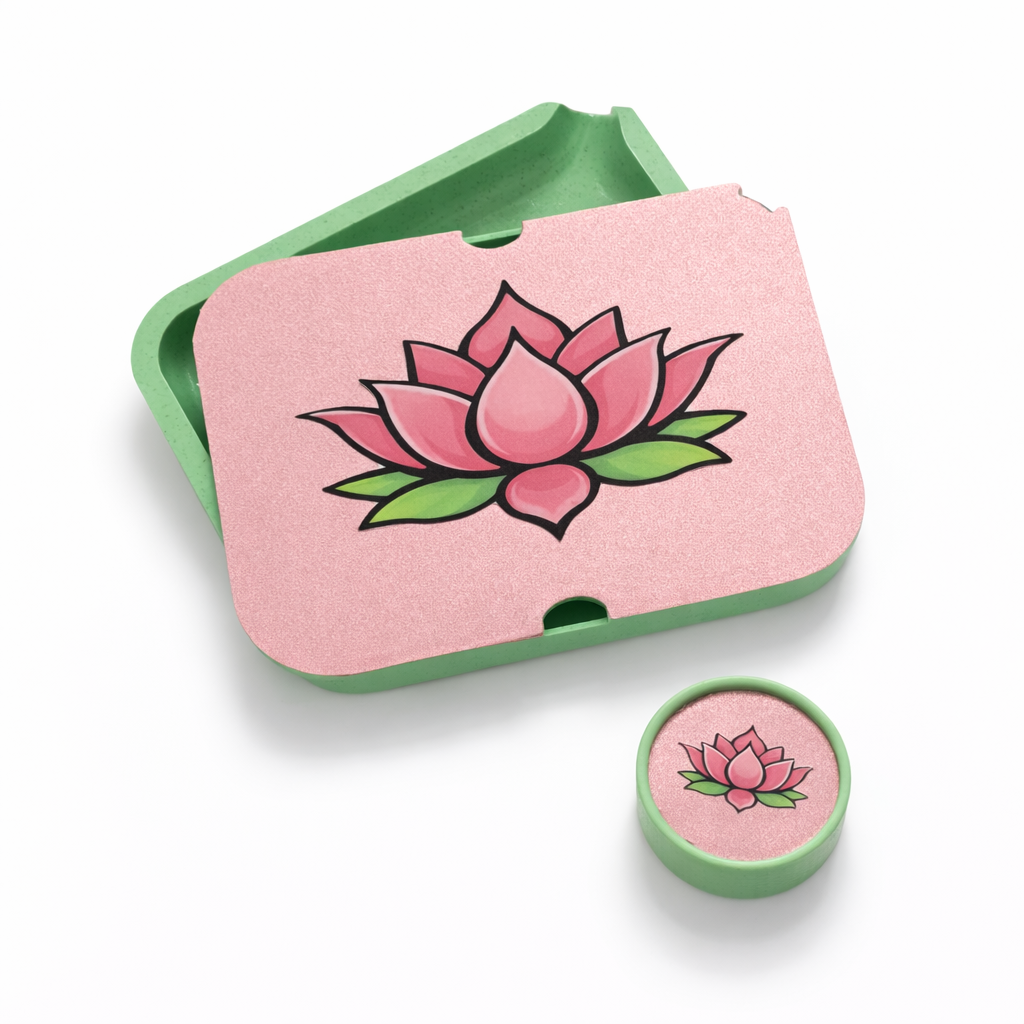 Een rustige en vrouwelijke set met lotusdesign in roze en groen. De combinatie van zachte kleuren en glitter geeft deze set een luxe, kalme uitstraling.
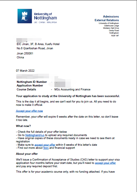 录取院校:诺丁汉大学
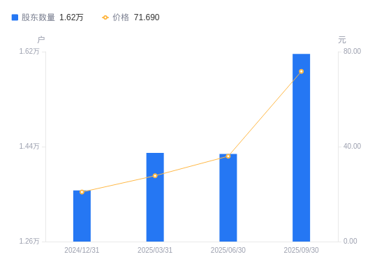 近一年(2024年9月30日至2025年9月30日),鼎泰高科A股股东户数从1.3万户,增加至1.62万户,增幅24.30%,区间股价上涨335.01%。
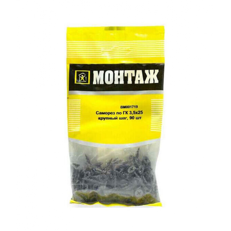 Саморезы для крепления гипсокартона к деревянным основаниям. Размер 3.5х25 мм, крупный шаг резьбы (2.7-2.8 мм), острый наконечник. Упаковка: 90 шт.
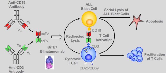博納吐單抗的工作模式,激活T細胞增殖,促進B細胞凋亡
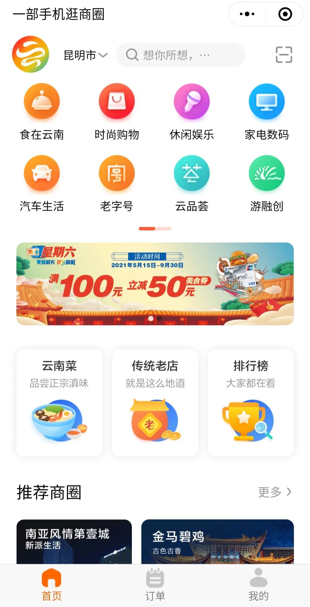 平台应用覆盖了省内餐饮、旅游、商超、特色集市等消费场景,可实现商业数据分析、商圈生态管理、线上消费等服务,为商家和客户带来便利化、数字化、智能化消费新体验。平台可为企业提供五个方面的特色化服务:一是所有商户免费入驻平台,无订单抽成。二是平台可高效整合政府侧与建行各类优质资源,以线上线下相融合的模式投入平台运营,减轻企业经营负担。三是平台可为商户实现ERP数据统计功能,助力企业实现数字化经营管理。四是可为企业提供定制化客户引流活动服务方案,扩宽企业获客渠道。五是建行可为平台入驻企业提供相应的信贷融资支持。按照云南省商务厅要求,平台将于今年8月完成功能应用全省覆盖。目前,平台已入驻商圈81个,上架商户3440户,其中餐饮类1522户、购物类1271户。
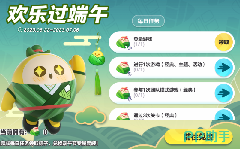 活动期间,玩家不仅能享受比赛的乐趣,还能通过完成任务获得丰厚的奖励。从6月22日到7月6日,参与【欢乐过端午】活动,每日完成任务就能获得粽子,兑换端午专属的节日套装“努力高粽”以及各种炫酷表情和头像框。套装、头像框、昵称框,样样都很有节日气氛,穿戴上它们,仿佛就能感受到粽叶飘香的温暖。
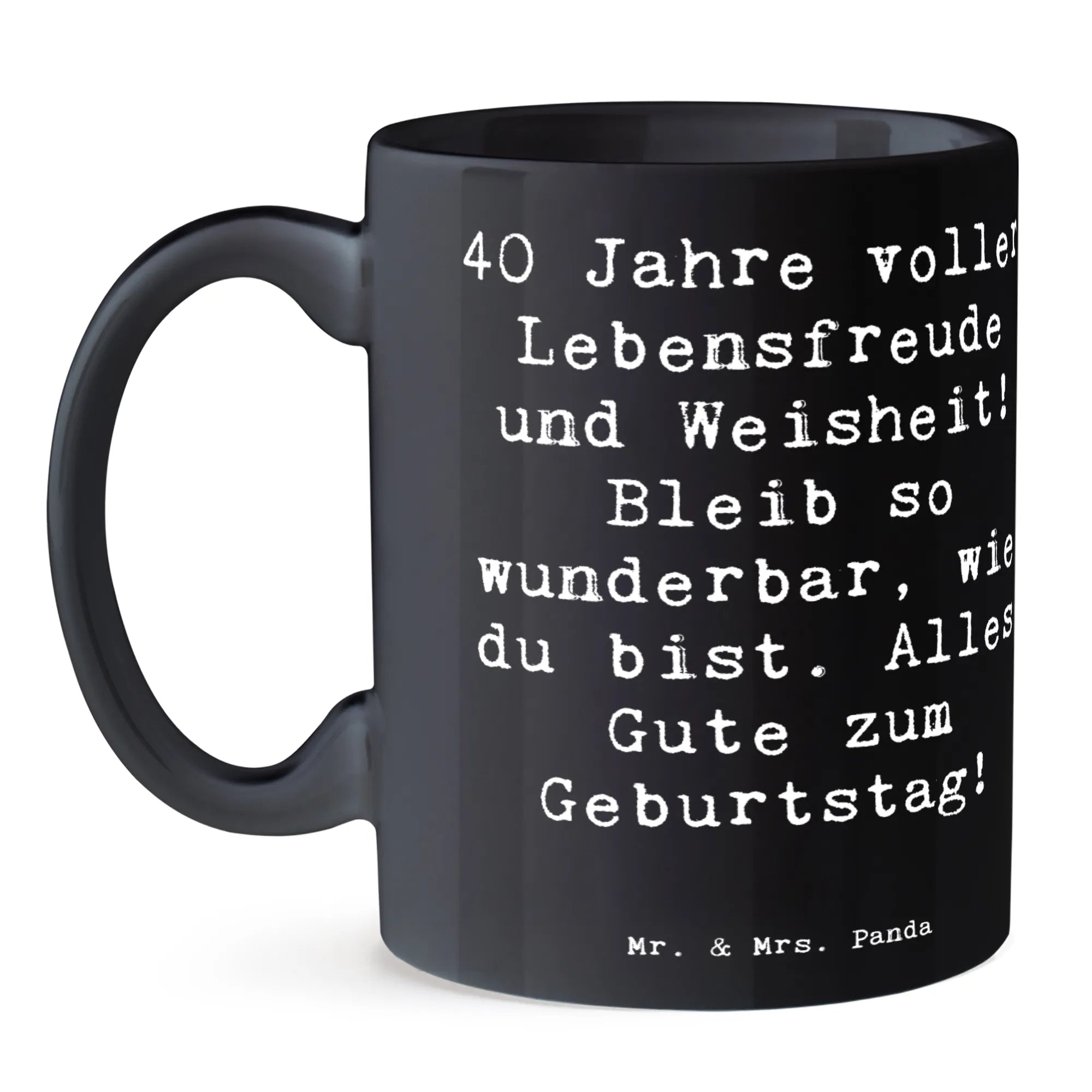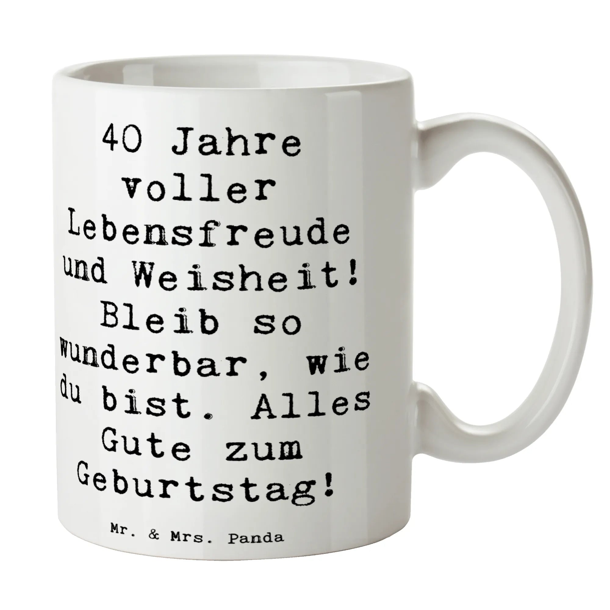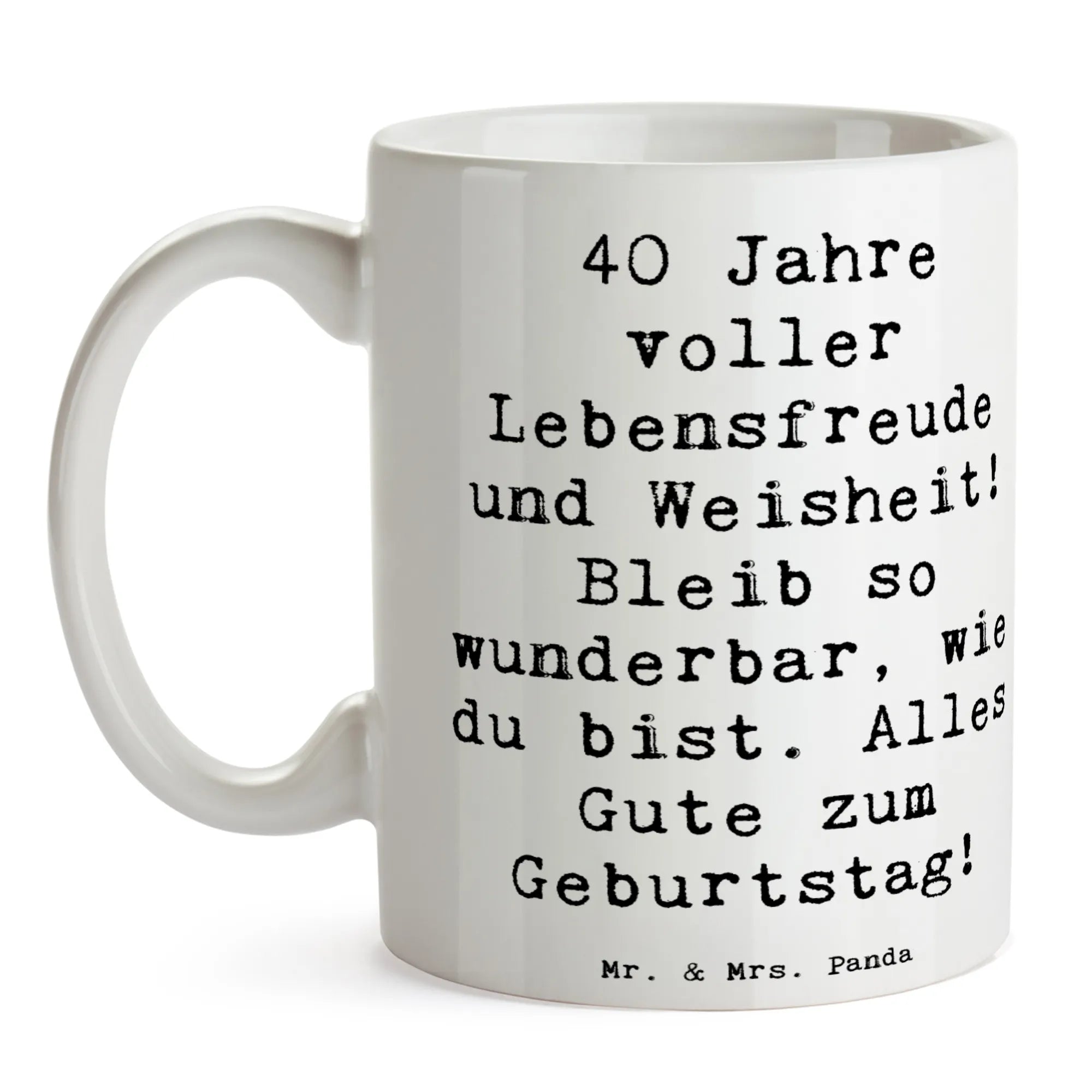 Entdecke die wunderschöne Keramiktasse von Mr. & Mrs. Panda, die perfekt für jeden großen 40. Geburtstag ist! Sie trägt den inspirierenden Spruch: '40 Jahre voller Lebensfreude und Weisheit! Bleib so wunderbar, wie du bist. Alles Gute zum Geburtstag!' und ist ein liebevolles Geschenk, das das Herz des Beschenkten erwärmen wird.

— Problem to work on —
Print exactly the span of lines that begins with the line containing "近一年(2024年9月30日" and ends with the last line of the listing, with no pictures.

— Result of the exercise —
 近一年(2024年9月30日至2025年9月30日),鼎泰高科A股股东户数从1.3万户,增加至1.62万户,增幅24.30%,区间股价上涨335.01%。
 Саморезы для крепления гипсокартона к деревянным основаниям. Размер 3.5х25 мм, крупный шаг резьбы (2.7-2.8 мм), острый наконечник. Упаковка: 90 шт.
博納吐單抗的工作模式,激活T細胞增殖,促進B細胞凋亡
 平台应用覆盖了省内餐饮、旅游、商超、特色集市等消费场景,可实现商业数据分析、商圈生态管理、线上消费等服务,为商家和客户带来便利化、数字化、智能化消费新体验。平台可为企业提供五个方面的特色化服务:一是所有商户免费入驻平台,无订单抽成。二是平台可高效整合政府侧与建行各类优质资源,以线上线下相融合的模式投入平台运营,减轻企业经营负担。三是平台可为商户实现ERP数据统计功能,助力企业实现数字化经营管理。四是可为企业提供定制化客户引流活动服务方案,扩宽企业获客渠道。五是建行可为平台入驻企业提供相应的信贷融资支持。按照云南省商务厅要求,平台将于今年8月完成功能应用全省覆盖。目前,平台已入驻商圈81个,上架商户3440户,其中餐饮类1522户、购物类1271户。
 活动期间,玩家不仅能享受比赛的乐趣,还能通过完成任务获得丰厚的奖励。从6月22日到7月6日,参与【欢乐过端午】活动,每日完成任务就能获得粽子,兑换端午专属的节日套装“努力高粽”以及各种炫酷表情和头像框。套装、头像框、昵称框,样样都很有节日气氛,穿戴上它们,仿佛就能感受到粽叶飘香的温暖。
 Entdecke die wunderschöne Keramiktasse von Mr. & Mrs. Panda, die perfekt für jeden großen 40. Geburtstag ist! Sie trägt den inspirierenden Spruch: '40 Jahre voller Lebensfreude und Weisheit! Bleib so wunderbar, wie du bist. Alles Gute zum Geburtstag!' und ist ein liebevolles Geschenk, das das Herz des Beschenkten erwärmen wird.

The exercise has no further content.